Lawmakers could begin voting on the agreement as soon as Tuesday.

Quinn announced months ago that without legislative action he would be forced to close the facilities and cut jobs. The Democrat said lawmakers hadn't given him enough money to keep all of state government running for a full year.

Republican lawmakers complained that Quinn seemed to be targeting facilities in their districts. State employees said their jobs were being cut and important services endangered, even though the state's budget problems lay in other areas.

Quinn used his veto powers to cut spending in several areas, including money for school transportation services and for regional education superintendents around the state. Vaught said lawmakers have now agreed to take that vetoed money and use it to avoid the closures and layoffs.
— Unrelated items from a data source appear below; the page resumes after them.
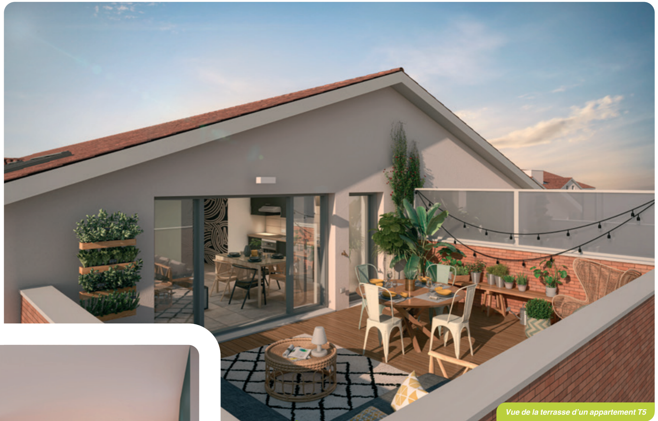
Vue de la terrasse d'un appartement T5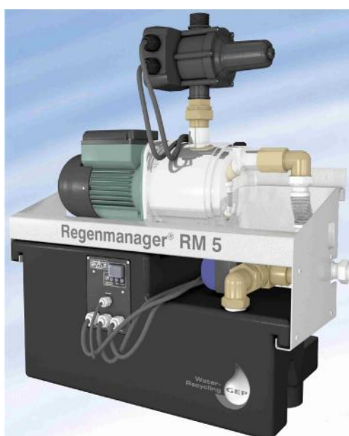
RM5 Plus Innenansicht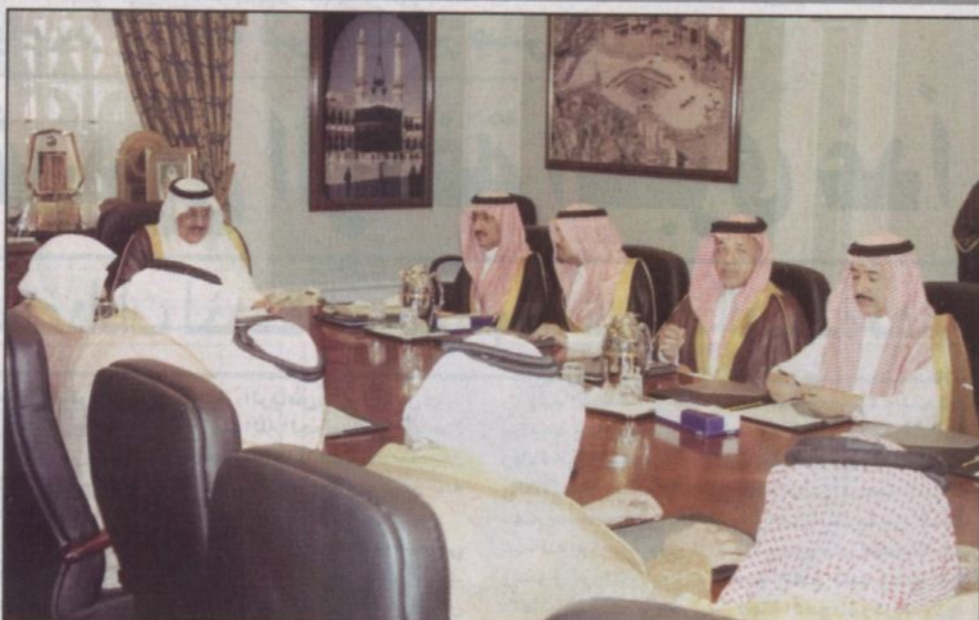
الأمير نايف يترأس الاجتماع الطارئ للجنة الحج العليا

يملك الفندق.. أو المسؤول عنه.. أو من الجهات الحكومية إذا كان ثبت لنا ان هناك جهة قصرت فيما يجب أن تقوم به. ووجه سموه كلمة للحجاج قائلاً، ارجو من الله أن يجعل جيتهم مبروراً وسعيهم مشكوراً.. وأن يتقبل حجهم.. كما أرجو أن يتعاونوا مع الجهات المسؤولة وفق التعليمات حتى يتمكنوا من أداء مناسكهم وحجهم في يسر وسهولة.. أما بالنسبة للجهات الحكومية فلا بد في تبذل كل جهة أقصى اهتمامها في حدود مسؤولياتها.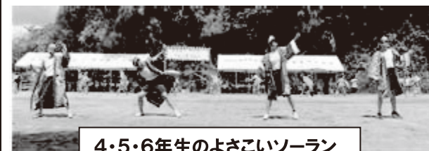
4・5・6年生のよさこいソーラン

5 月 25 日（日）に保護者・地域の方と一緒に運動会を実施しました。子どもたちは練習の成果を発揮して、ダイナミックに踊ったり、力いっぱい走ったり、一生懸命に応援したりと全力で取り組んでいました。地域の方にも競技に参加して頂き盛り上がりしました。地域の方ともふれ合える楽しい時間になりました。皆様の温かいご声援に感謝申し上げます。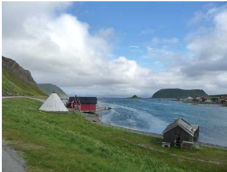
Hytter og lavvo ved Sarnes . Vi ser øya Store Altsula i bakgrunnen.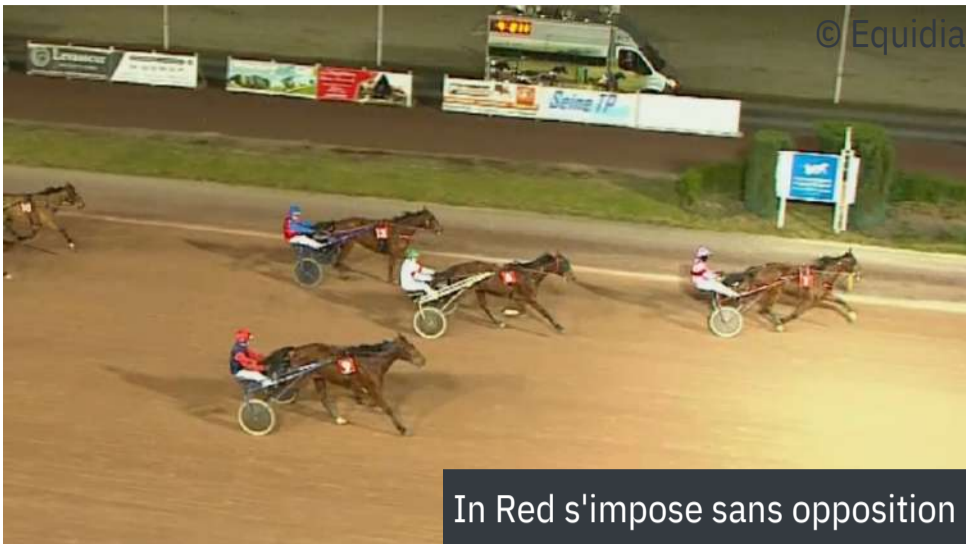
In Red s'impose sans opposition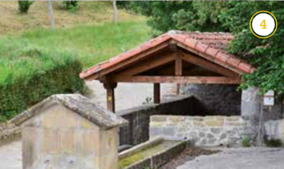
Egiarretako Garbilekua - Lavadero de Egiarreta*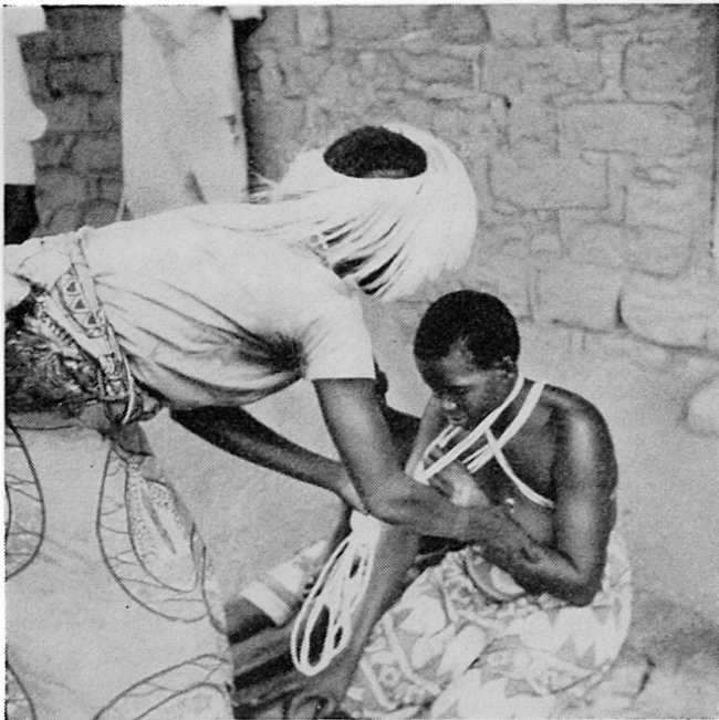
Abb. 3 Eine Braut wird geschmückt

er aufgrund seiner minimalen Heiratsleistung auch keinen Rechtsanspruch auf die Kinder machen. Er durfte aber auch umgekehrt für seine nachgeborenen Töchter kein weiteres Brautvieh verlangen. Hier finden wir also die Grundlage für die grundsätzlich matrilineare Gesellschaftsordnung der Kwaya.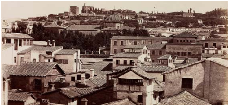
Granada, vista de la Alhambra desde la ciudad.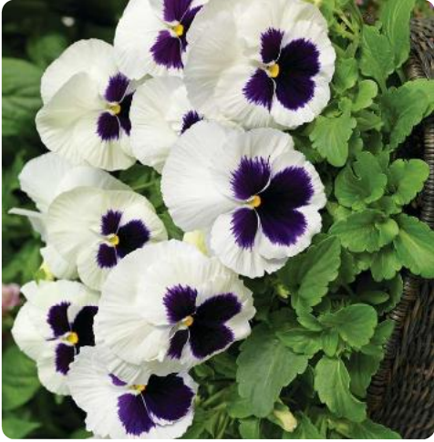
Colossus® White with Blotch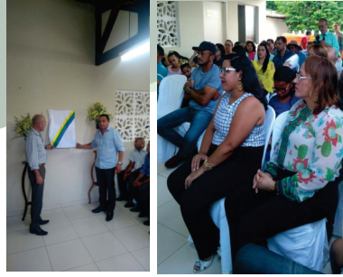
INAGURAÇÃO DO CRAS I - NOSSA SENHORA DA CONCEIÇÃO

The agreement would keep the facilities open only for the remainder of this fiscal year, which ends June 30. Their long-term fates are still being reviewed, Vaught said.

Vaught said the agreement also calls for reducing state payments to a variety of special-purpose funds. The state's $55 million contribution to the workers' compensation fund, for instance, would be cut by $10 million. About $95 million that ordinarily would go to pension systems would instead be diverted to preventing the closures.

There would be enough reductions that some services in the Department of Human Services could get some additional money, Vaught said. The biggest beneficiaries would be community mental health services, which would get $30 million, and substance abuse programs, which would get $28 million.